My thematic statement for my book Divergent is to never give up no matter how hard things might get. A quote from my book to support this is "He shoves me and I begin to fall again, scraping my hands on the ground, blinking, sluggish and slow and hot. I cough and drag myself to my feet. I really should be lying down if the room is spinning this fast. And Peter spins around me; I am the center of a spinning planet, the only thing staying still. Something hits me from the side and I almost fall over again. On my feet on my feet" (Roth 110-111). This proves my thematic statement because you can clearly tell by reading the quote she has no chance at beating Peter in that fight but yet she keeps telling herself to get up, she keeps on pushing herself she never gives up even though beating him is a very hard thing to try and accomplish. Another quote to support my thematic statement is "You stay in the hallucination untill you can calm down, his voice continues and I cough, and my face is wet with tears, and another crow has wriggled under my arms, and I feel the edge of its sharp beak against my mouth. Its beak wedges past my lips and scrapes me teeth. The crow pushes its head into my my mouth and I bite hard, tasting something foul. I spit and clench my teeth to form a barrier, but now a fourth crow is pushing at my feet, and a fifth crow is pecking at my ribs. Calm down. I can't , I can't. My head throbs. Breathe. I keep my mouth closed and suck air into my nose. It has been hours since I was alone in the field; it has been days. I push air out of my nose. My heart pounds hard in my chest. I have to slow it down. I breathe again, my face wet with tears. I sob again, and force myself forward, stretching out on the grass, which prickles against my skin. I extend my arms and breathe. Crows push and prod at my sides, worming their way beneath me, and I let them. I let the flapping wings and the squaking and the pecking and the prodding continue, relaxing one muscle at a time, resigning myself to becoming a pecked carcass. The pain overwhelms me. I open my eyes, and I am sitting in the metal chair" (Roth 234-235). This proves my thematic statement because overcoming her fear of the crows pecking her to death in order to get out of the hallucination was very hard and challenging but she never gave up, and by not giving up she escaped the hallucination.

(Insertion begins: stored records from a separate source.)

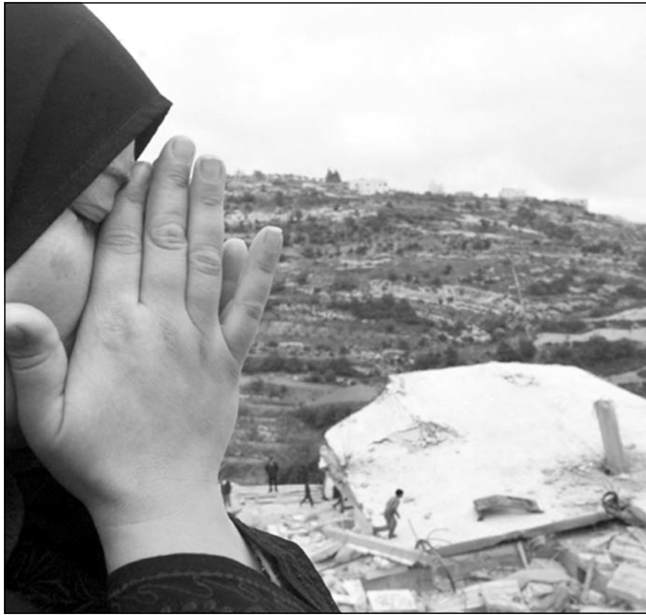
سيدة فلسطينية تبتكي على البيت الذي دمره الاسرائيليون في قرية نفوح قرب الخليل امس

الناصره - «القدس العربي» - من زهير اندراوس:
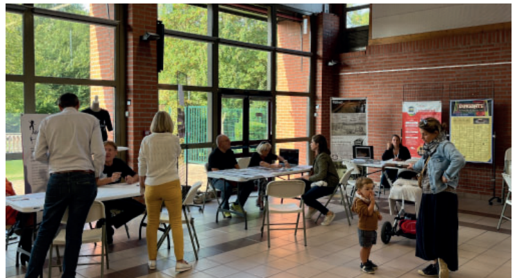
Forum des associations le samedi 10 septembre
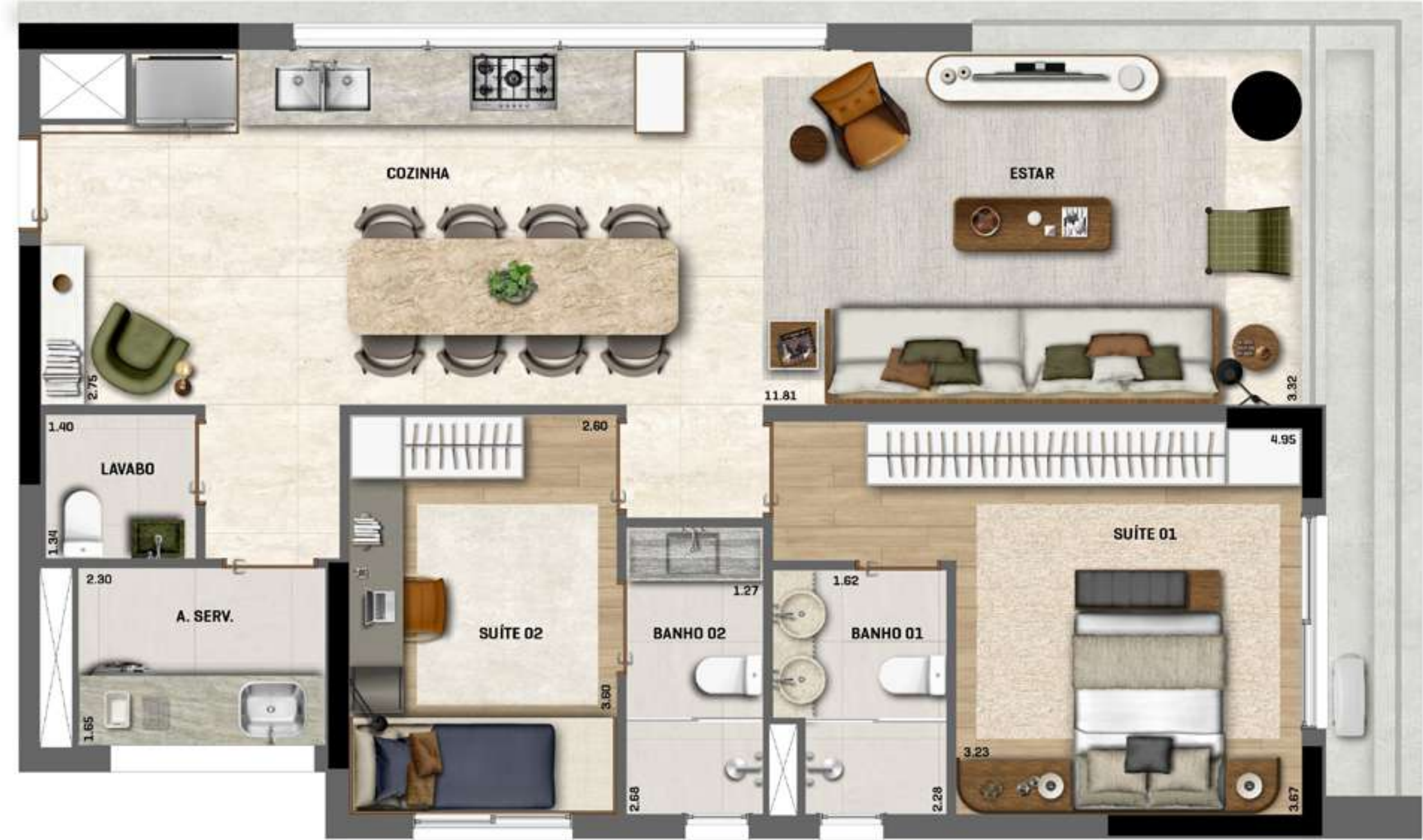
Apartamento Tipo Decorado Final 02 ÁREA TOTAL = 93m 2
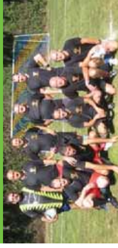
Equipe du SDIS 88

En juin dernier, à l'occasion des journées portes ouvertes de la caserne de pompiers de Schwäbisch Hall, 2 véhicules neufs étaient inaugurés en présence de la ministre de la Sécurité Civile. Ensuite les pompiers-sportifs de nos casernes respectives ont disputé un tournoi amical de football ; les spinaliens se sont classés troisième sur douze équipes.
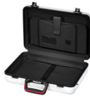
PARADOC ATTACHÉ WHITE
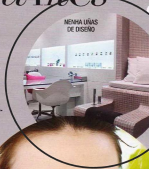
NENHA UÑAS DE DISEÑO

My book so far is just about Beatrice going through her new life and trying to fit in. She is trying to go 'under the radar' to avoid trouble with other faction members. Beatrice is also adjusting to new changes in her life. She is finding strength and courage she never knew she had which is a good and bad thing. So far Beatrice is doing semi-well but it is always changing. The book is going really great and I love it!
I really like your thematic statement because not only does it apply to this book but applies to many aspects of life.